Life Events and Daily Hassles in Patients with Atypical Chest Pain

Lau, George K. K.; Wai Mo Hui; Shiu Kum Lam
October 1996
American Journal of Gastroenterology;Oct1996, Vol. 91 Issue 10, p2157
Academic Journal
The impact of major life events and daily hassles on atypical chest pain is unknown. The aim of the present study was to investigate the relationship of the occurrence and perception of major life events and daily hassles in atypical chest pain patients. Five groups of subjects were studied. They were healthy controls, atypical chest pain patients without motility/reflux changes, atypical chest pain patients with motility/reflux changes, dyspeptic patients, and patients with chronic obstructive airway disease/peptic ulcer/gallstone. A questionnaire concerning the occurrence and perception of major life events and daily hassles was administered to all five groups of subjects. Using analysis of variance, we found that atypical chest pain patients without underlying motility/reflux changes had significantly higher scores of negative life events and total life events than healthy controls, atypical chest pain patients with underlying motility/reflux changes, and patients with chronic obstructive airway disease/peptic ulcer/gallstone.
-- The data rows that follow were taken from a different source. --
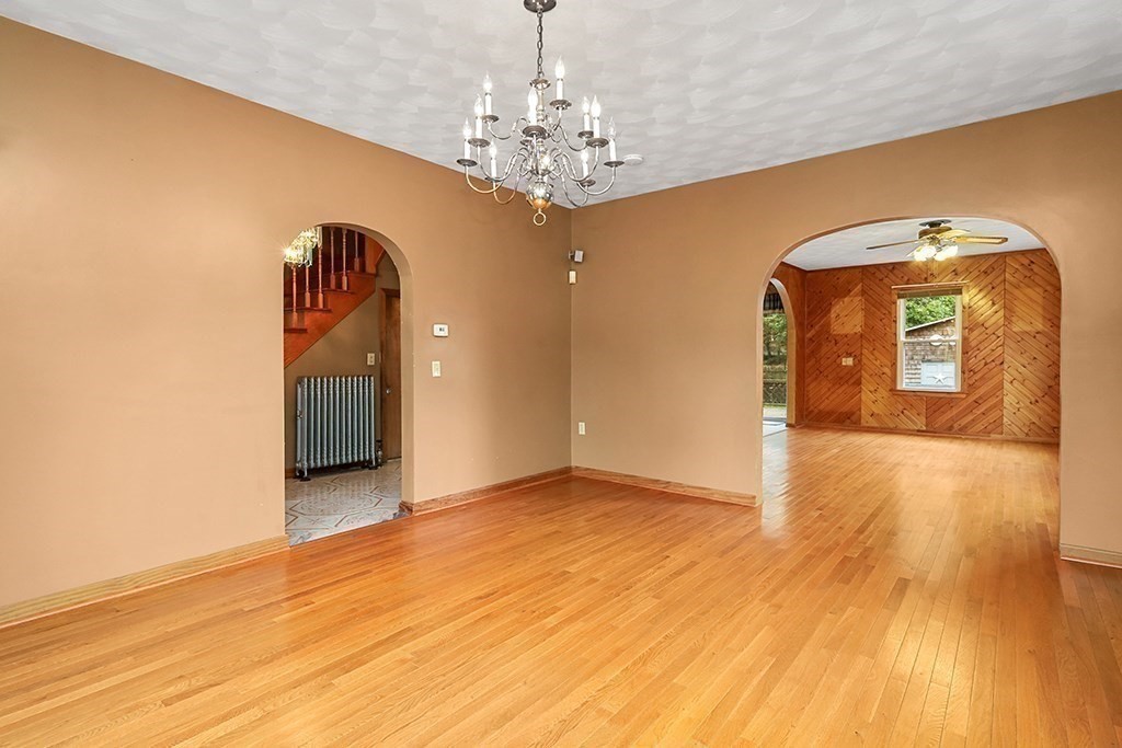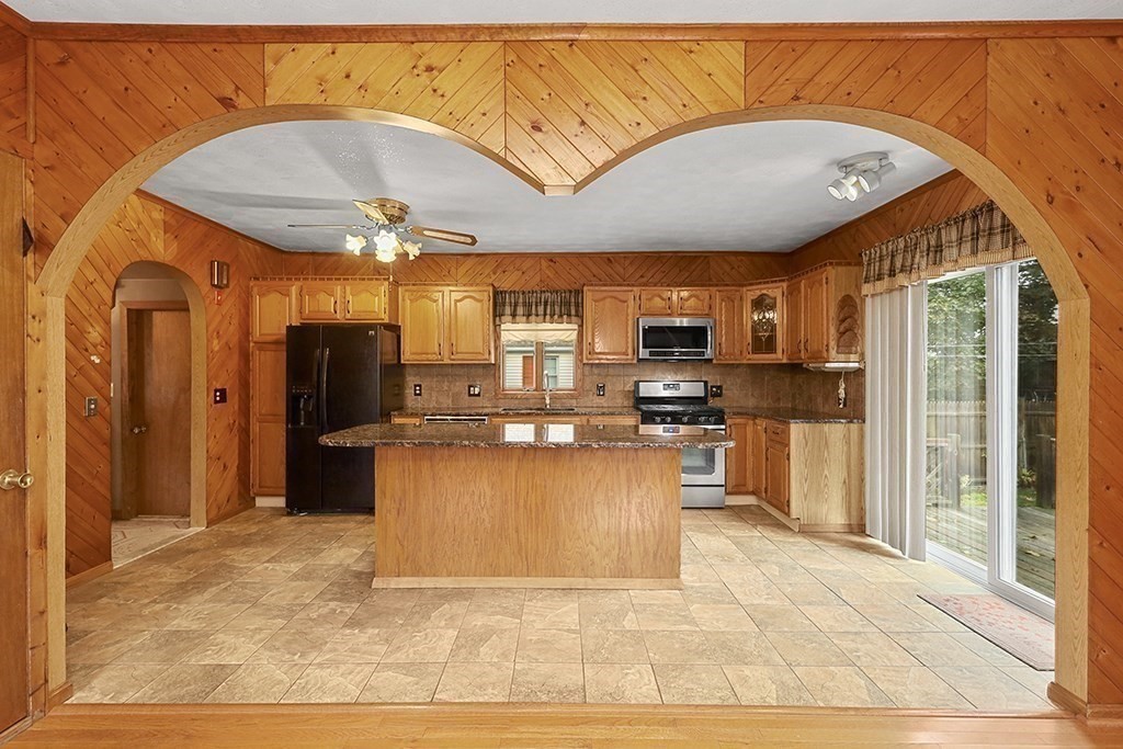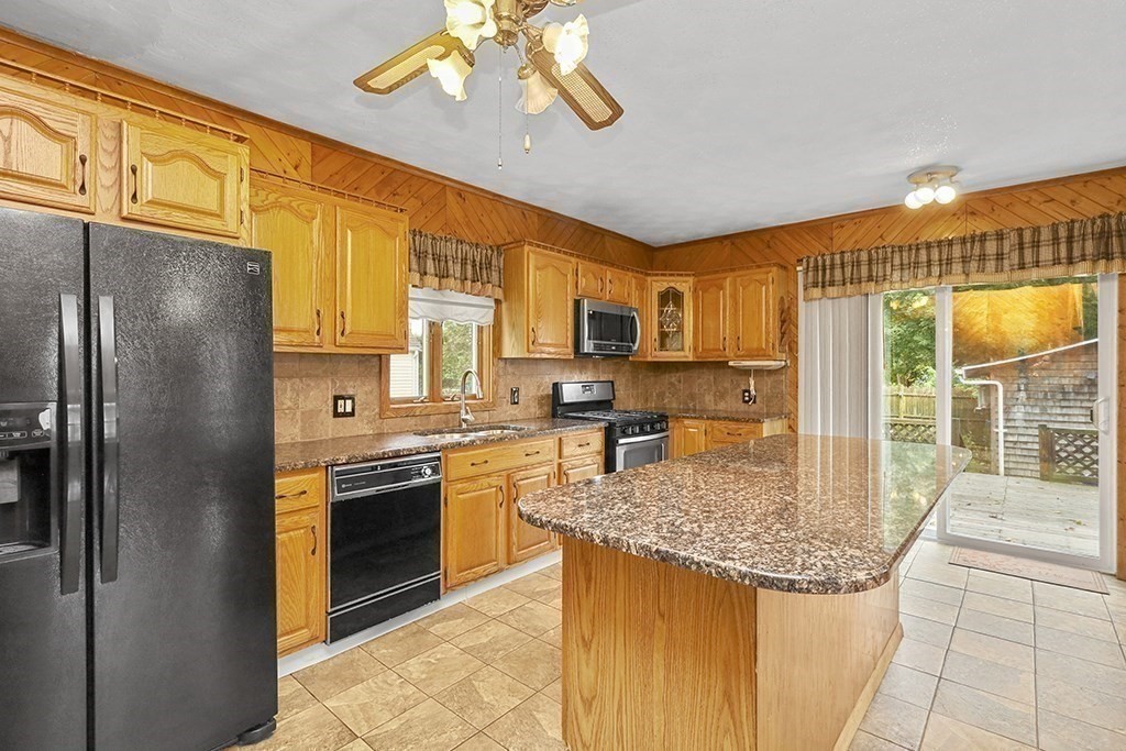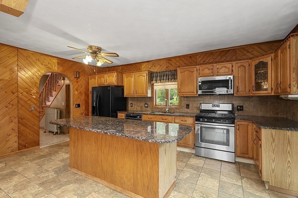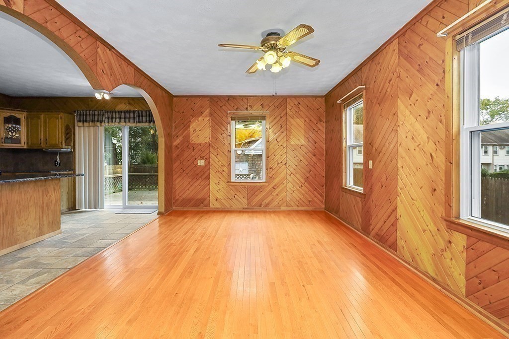 This four bedroom Conventional home is ready for it's next chapter. With many updates, such as a brand new roof, new windows with a lifetime guarantee, and a recent conversion from oil heat, to natural gas. The main floor features an open floor plan, with hardwood flooring throughout the dining, and living rooms. The modern kitchen features, stone countertops, tile flooring, and large center island. The gas range, and microwave are also newer. The second level features three large bedrooms, with hardwood flooring, there is also a fourth bedroom, smaller in size, but perfect for a young child. The basement is finished with a full bath, and second kitchen.The slider opens up to a deck, overlooking the backyard, with many perennial plantings. The single car garage, with attached shed, was used for storage,and work area. The backyard is fenced in, and features a sprinkler system, powered by well water
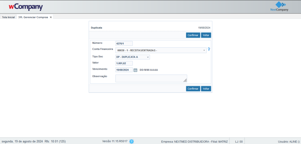 Na tela seguinte, confirme os dados da nota de entrada e clique em Finalizar Compra.
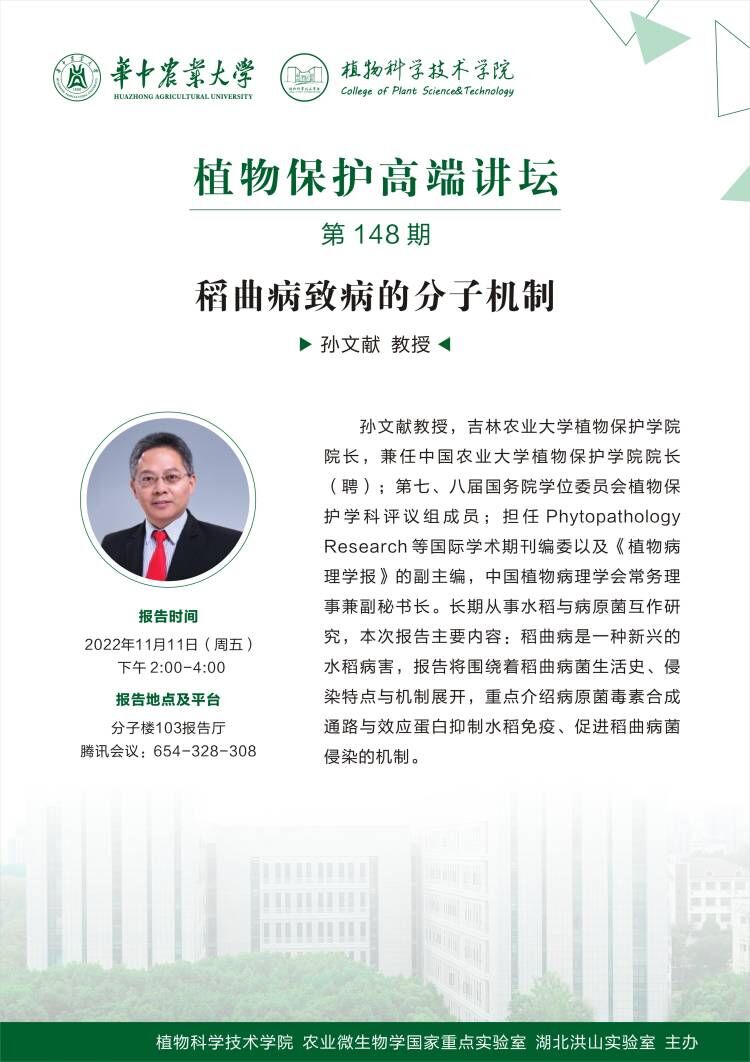 植物保护高端讲坛(孙文献 教授)
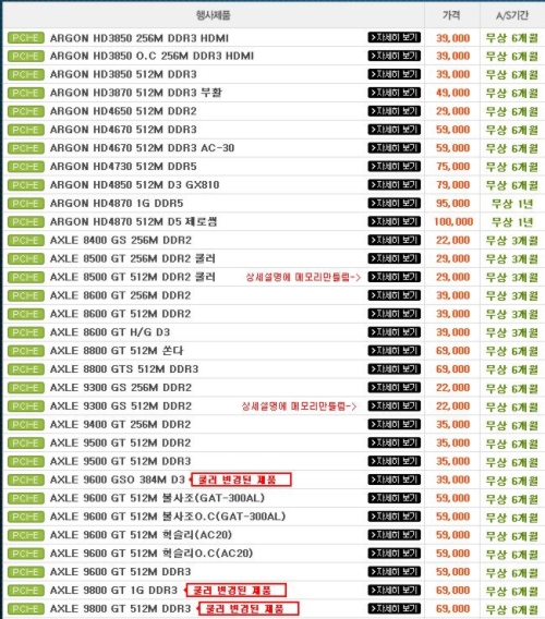 8400GS부터 라데온 HD4870에 이르기까지 판매되는 그래픽카드의 종류도 다양하고
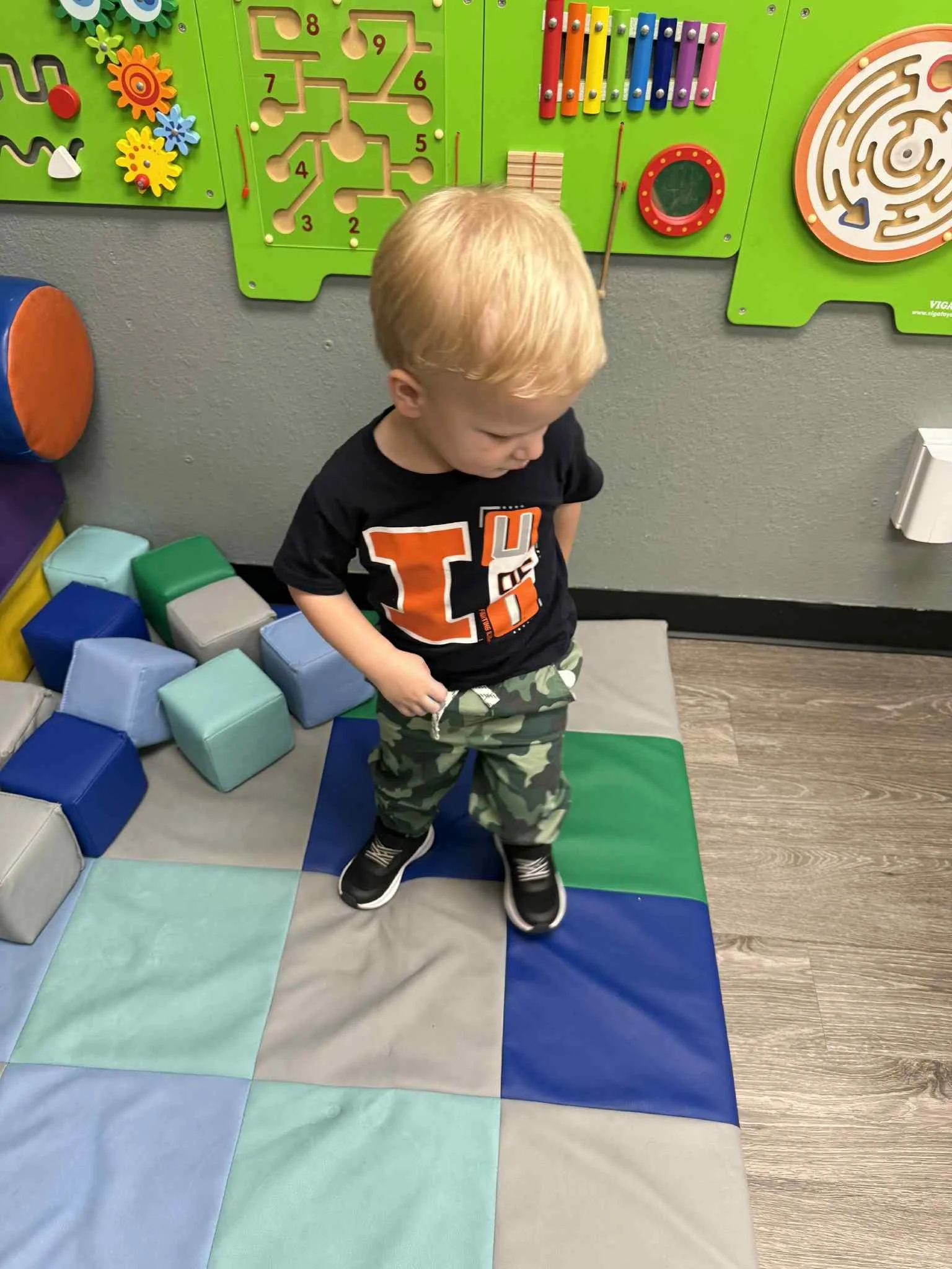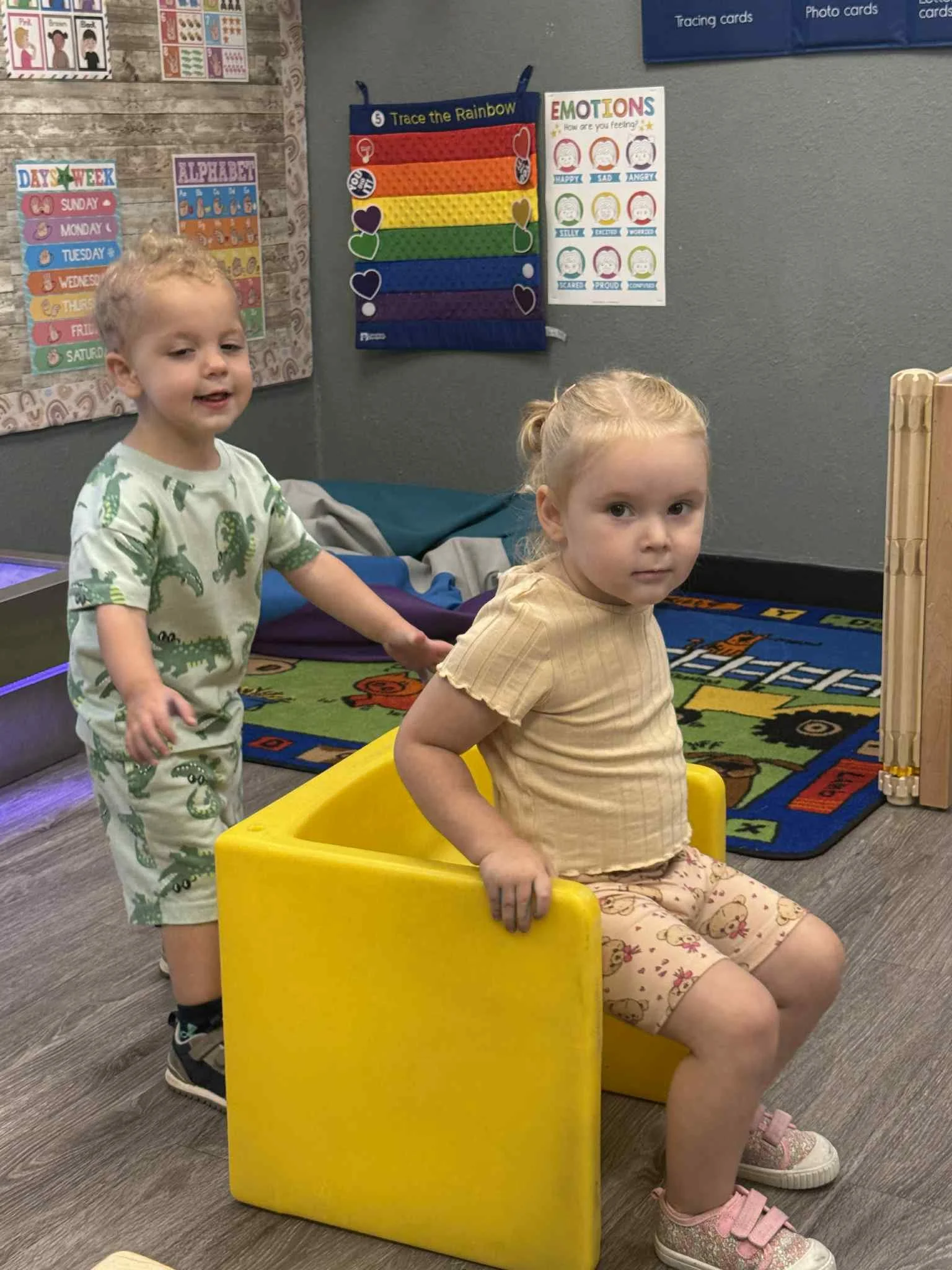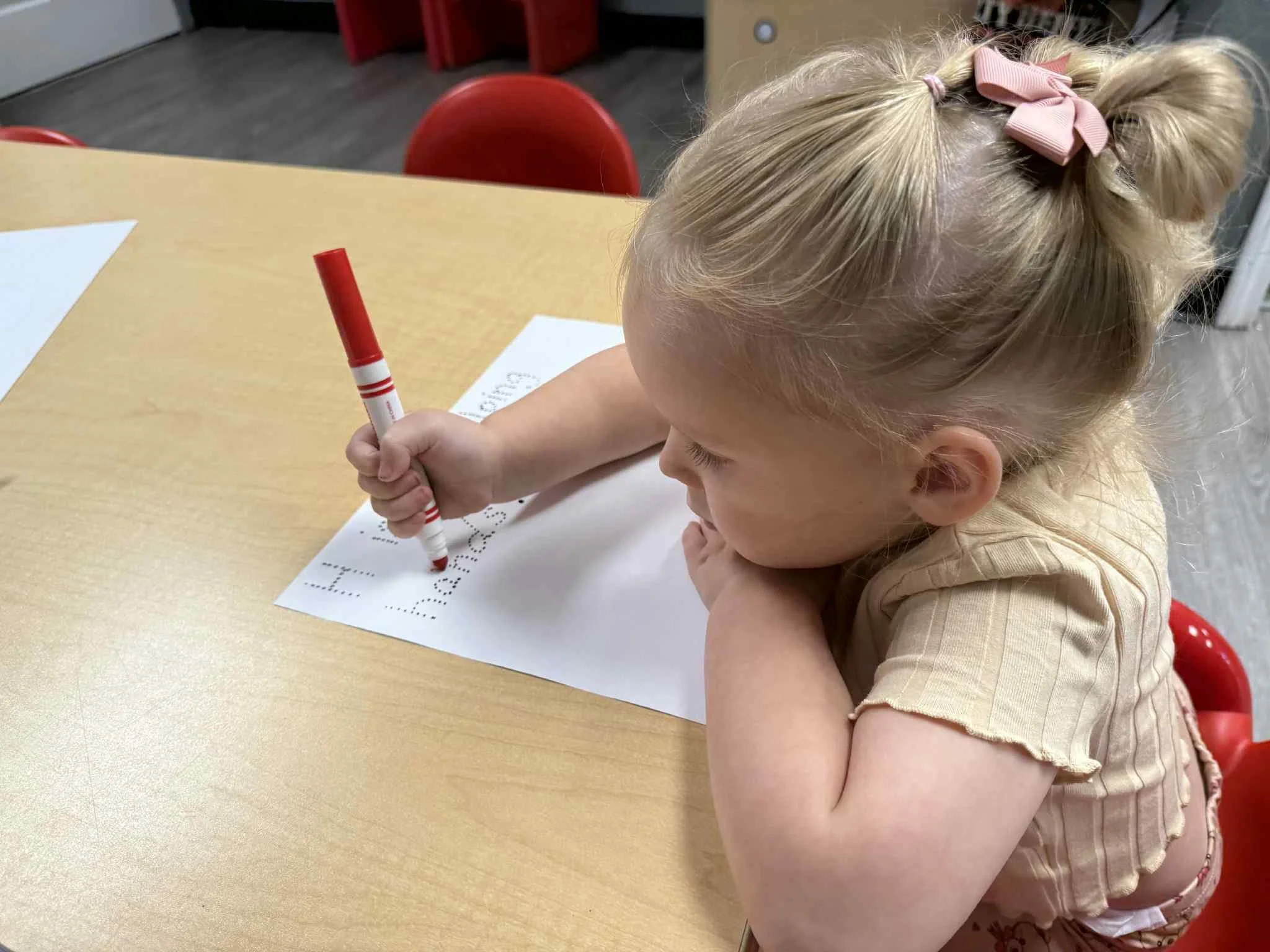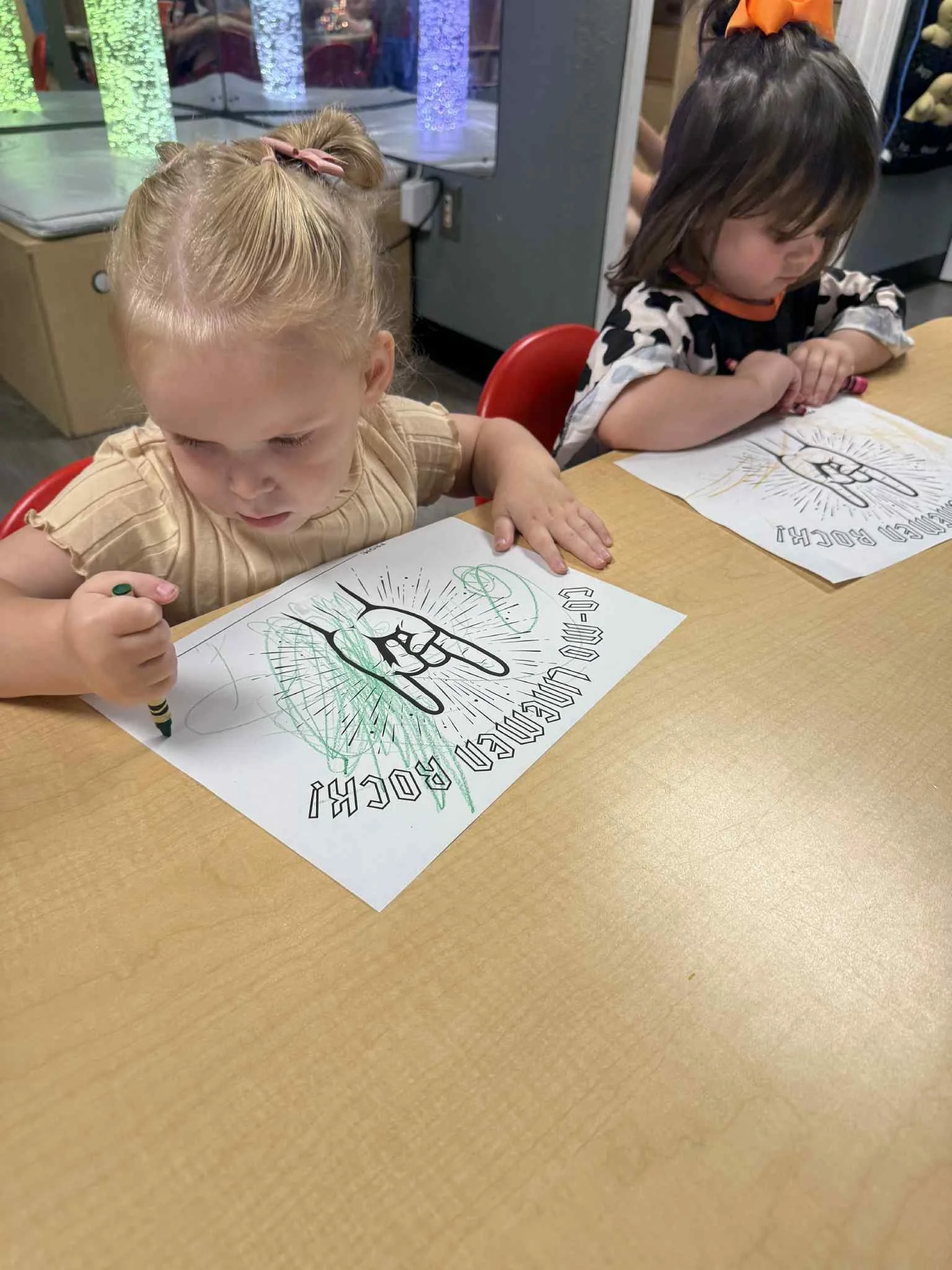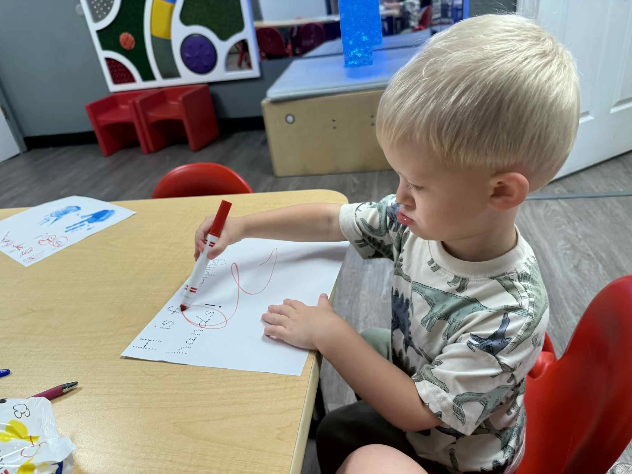 Today we read the book Lola at the Library written by Anna McQuinn and Rosalind Beardshaw. We would like to thank the Camdenton City Police Department for coming to CLC today! They talked to us about calling 911 in an emergency. They let us see their patrol car and they even turned on the sirens! We learned that when you hear the siren, that means help is on its way. During our math and cognition lesson, we put together community helper puzzles. Next, during our science and sensory lesson, we used an ink pad to examine the lines on our fingerprints. We learned that everyone’s fingerprints are different and unique. Finally, for our fine motor and literacy lesson, we traced the words “H is for helping hands” and then put a painted handprint on the paper.

There were no significant differences between atypical chest pain patients without underlying motility/reflux changes and patients with dyspepsia in terms of the number of negative life events, negative scores, number of positive life events, positive scores, and total life events. Discriminate analysis identified five of the 47 major life events (major changes in sleeping habits, change in work situation, major changes in financial status, retirement, and suffering from severe illness or injury) to be useful for discriminating atypical chest pain patients without underlying motility/reflux changes from the healthy controls and from atypical chest pain patients with underlying motility/reflux changes. The overall correct classification rate was 81.8%. In conclusion, psychological factors, such as perception of negative life events and occurrence and perception of daily hassles, may play a role in the pathogenesis of atypical chest pain.